## Overall Pipeline

TangoFlux consists of FluxTransformer blocks, which are Diffusion Transformers (DiT) and Multimodal Diffusion Transformers (MMDiT) conditioned on a textual prompt and a duration embedding to generate a 44.1kHz audio up to 30 seconds long. TangoFlux learns a rectified flow trajectory to an audio latent representation encoded by a variational autoencoder (VAE). TangoFlux training pipeline consists of three stages: pre-training, fine-tuning, and preference optimization with CRPO. CRPO, particularly, iteratively generates new synthetic data and constructs preference pairs for preference optimization using DPO loss for flow matching.

🚀 **TangoFlux can generate 44.1kHz stereo audio up to 30 seconds in ~3 seconds on a single A40 GPU.**

## Inference

TangoFlux can generate audio up to 30 seconds long. You must pass a duration to the `model.generate` function when using the Python API. Please note that duration should be between 1 and 30.

### Web Interface

Run the following command to start the web interface:

```bash
tangoflux-demo
```

### CLI

Use the CLI to generate audio from text.

```bash
tangoflux "Hammer slowly hitting the wooden table" output.wav --duration 10 --steps 50
```

### Python API

```python
import torchaudio
from tangoflux import TangoFluxInference

model = TangoFluxInference(name='XXXXXXX/TangoFlux')
audio = model.generate('Hammer slowly hitting the wooden table', steps=50, duration=10)

torchaudio.save('output.wav', audio, 44100)
```

## Training

We use the `accelerate` package from Hugging Face for multi-GPU training. Run `accelerate config` to setup your run configuration. The default accelerate config is in the `configs` folder.
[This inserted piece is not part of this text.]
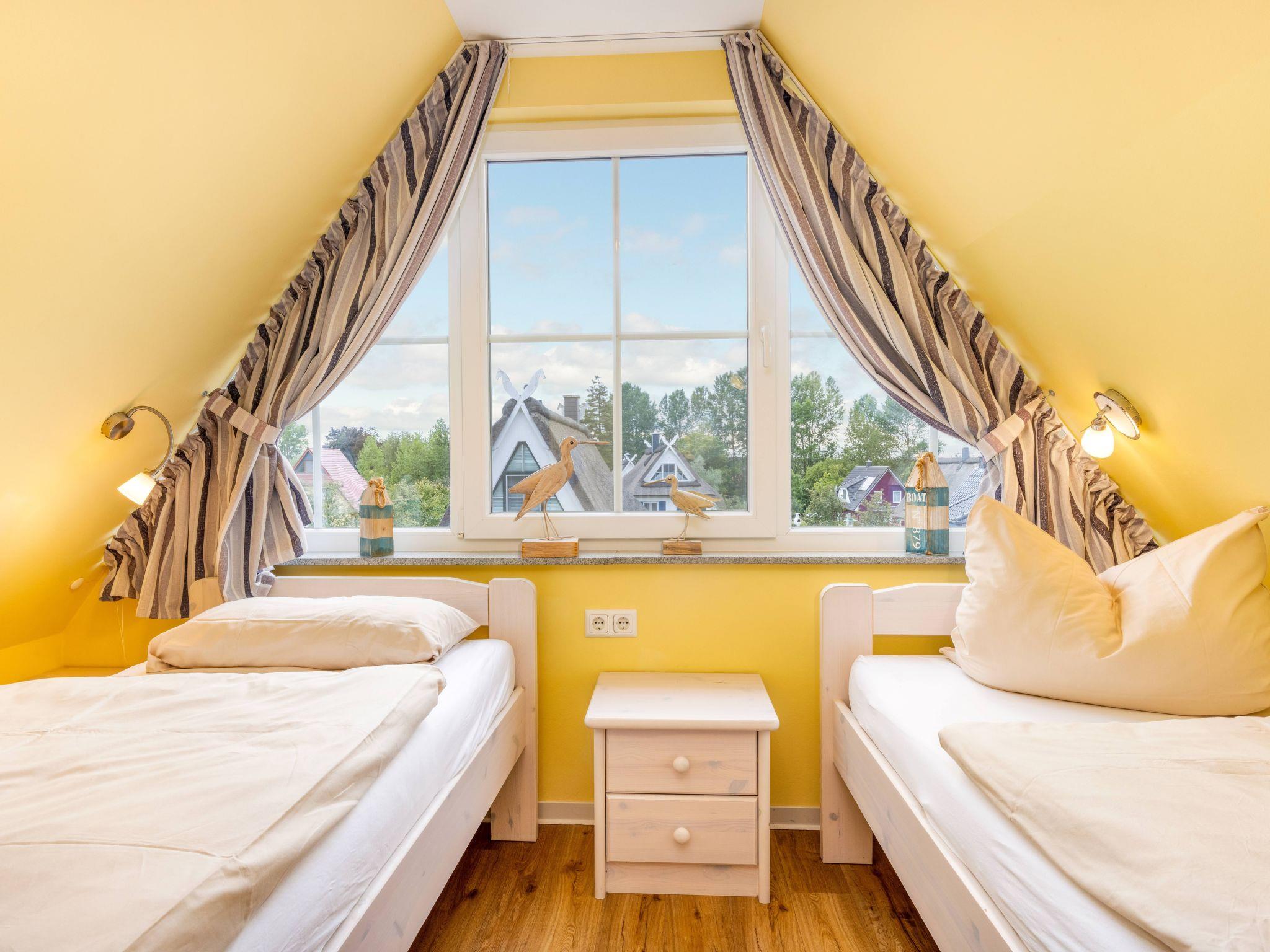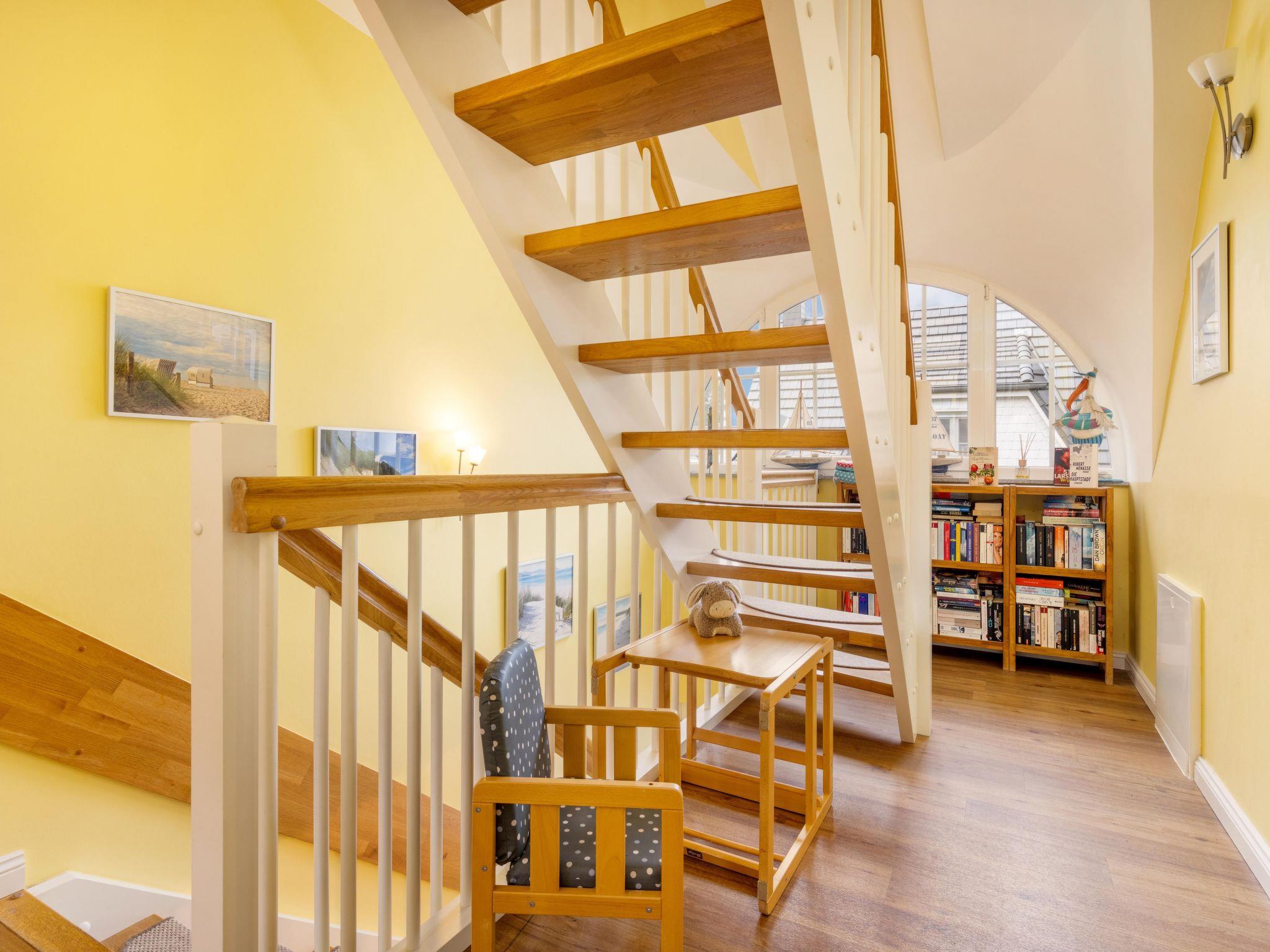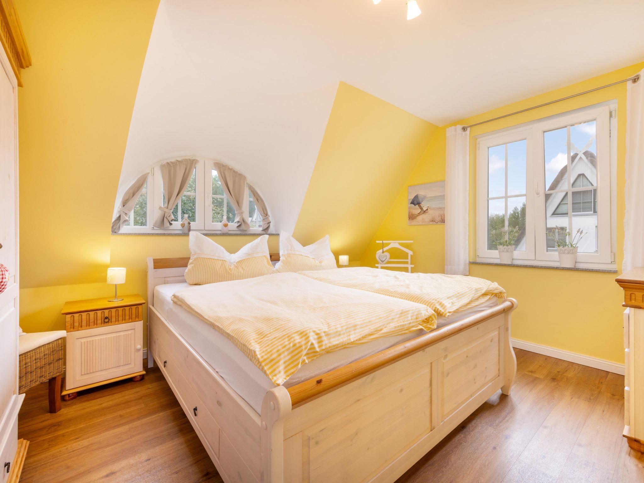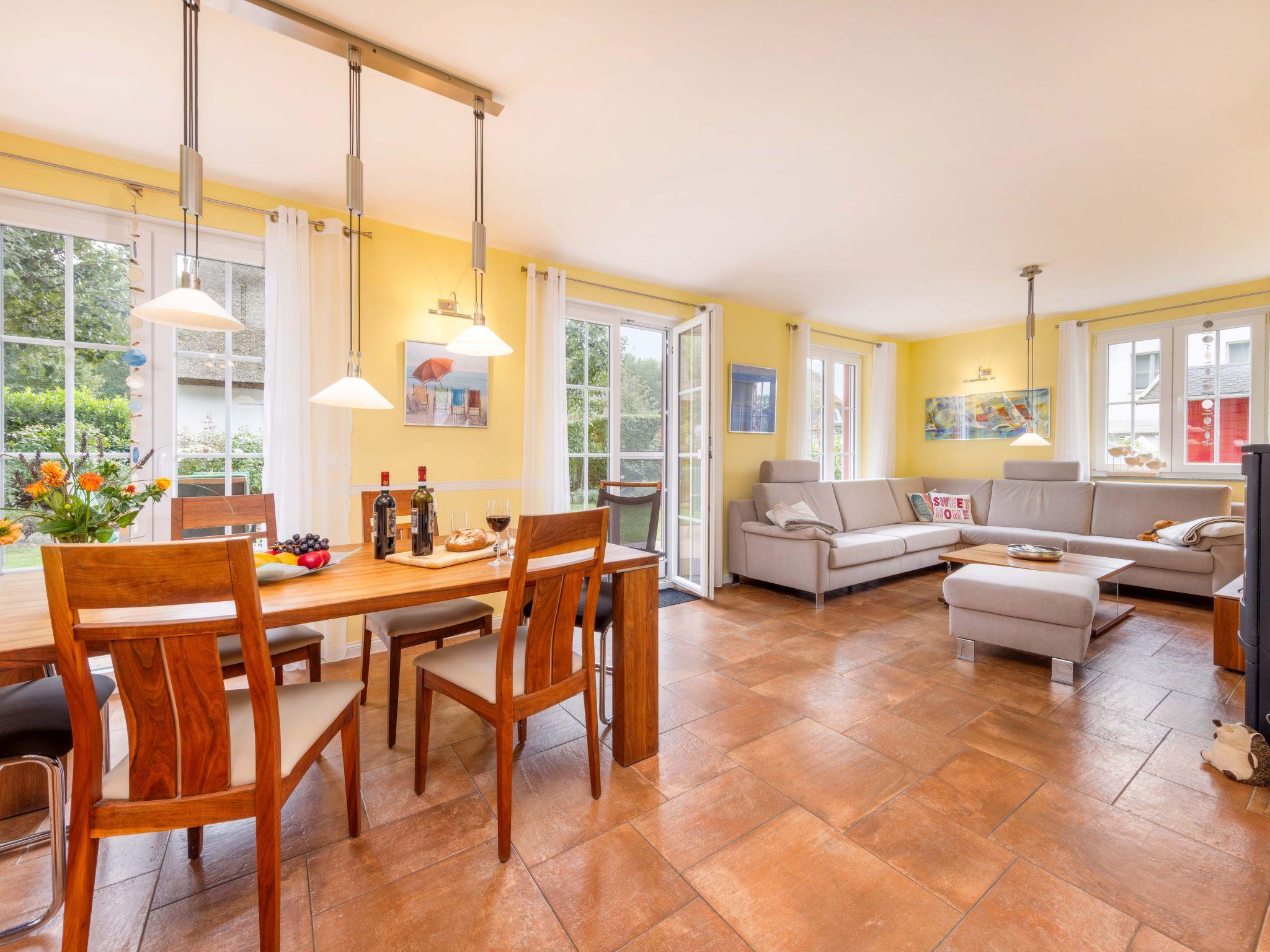 Look forward to the top-equipped thatched-roof holiday home. Breathe in the fresh Baltic Sea air and relax in the spacious and tastefully furnished thatched-roof house with 134 square metres of living space. It offers enough space for eight adults. The ground floor of the thatched-roof holiday home offers you a very tastefully furnished living room with a large living area, modern furniture and a spacious dining area. A wood-burning stove for cosy evenings, as well as a large LCD TV and a Blu-Ray system with radio. A modern, fully equipped kitchen with integrated microwave in the oven, ceramic hob, dishwasher, large fridge-freezer and many accessories such as a fully automatic coffee machine for your cappuccino or espresso, coffee machine, sandwich maker, waffle iron, children's crockery, toaster, raclette and much more. After a long day at the beach, you can spend a wellness evening in the sauna as a highlight for complete relaxation. The bathrooms on the ground floor and first floor are equipped with a modern double washbasin, walk-in shower with glass screen, WC and hairdryer. Also on the ground floor is the utility room with washing machine and tumble dryer, clothes horse, ironing board, iron and consumables. The windows and doors have electric shutters and insect screens. A tasteful oak staircase leads to the upper floor, where there are three bedrooms. Two beautiful country-style bedrooms (two x double bed) with excellent mattresses and plenty of cupboards for your wardrobe, LCD TV, clock radio and a bedroom with desk and 1.40m wide bed. Of course, there are also electric shutters and insect screens on the upper floor. The converted attic has a staircase with a stair gate. Here you will find a spacious, bright and friendly living and sleeping area with two single beds on one side and plenty of cupboards etc. on the other. On the opposite side, there is a spacious living area that invites you to relax and read. The loft is also equipped with a TV, a small library for children, children's games etc. and modern blackout curtains. Of course, smaller children have also been catered for. The holiday home has 2 travel cots with changing mat, high chair, children's books, board games etc. and of course a handcart with beach toys. There is also a library for adults.
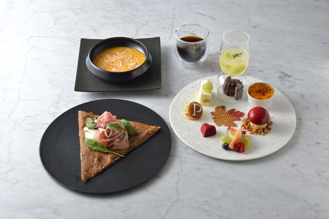ホテルのラウンジを思わせる贅沢な空間が魅力的な店舗内では、ガレットやフレンチフライなどのアラカルトをはじめ、ランチやディナー共にコース料理を提供しているので、カフェの利用はもちろん食事も楽しめるデートにぴったりなお店です。

Please specify the path to your training files in the `configs/tangoflux_config.yaml`. Samples of `train.json` and `val.json` have been provided. Replace them with your own audio.

`tangoflux_config.yaml` defines the training file paths and model hyperparameters:

```bash
CUDA_VISIBLE_DEVICES=0,1 accelerate launch --config_file='configs/accelerator_config.yaml' tangoflux/train.py   --checkpointing_steps="best" --save_every=5 --config='configs/tangoflux_config.yaml'
```

To perform DPO training, modify the training files such that each data point contains "chosen", "reject", "caption" and "duration" fields. Please specify the path to your training files in `configs/tangoflux_config.yaml`. An example has been provided in `train_dpo.json`. Replace it with your own audio.

```bash
CUDA_VISIBLE_DEVICES=0,1 accelerate launch --config_file='configs/accelerator_config.yaml' tangoflux/train_dpo.py   --checkpointing_steps="best" --save_every=5 --config='configs/tangoflux_config.yaml'
```

## Evaluation

### TangoFlux vs. Other Audio Generation Models

This key comparison metrics include:

- **Output Length**: Represents the duration of the generated audio.
- **FD**<sub>openl3</sub>: Fréchet Distance.
- **KL**<sub>passt</sub>: KL divergence.
- **CLAP**<sub>score</sub>: Alignment score.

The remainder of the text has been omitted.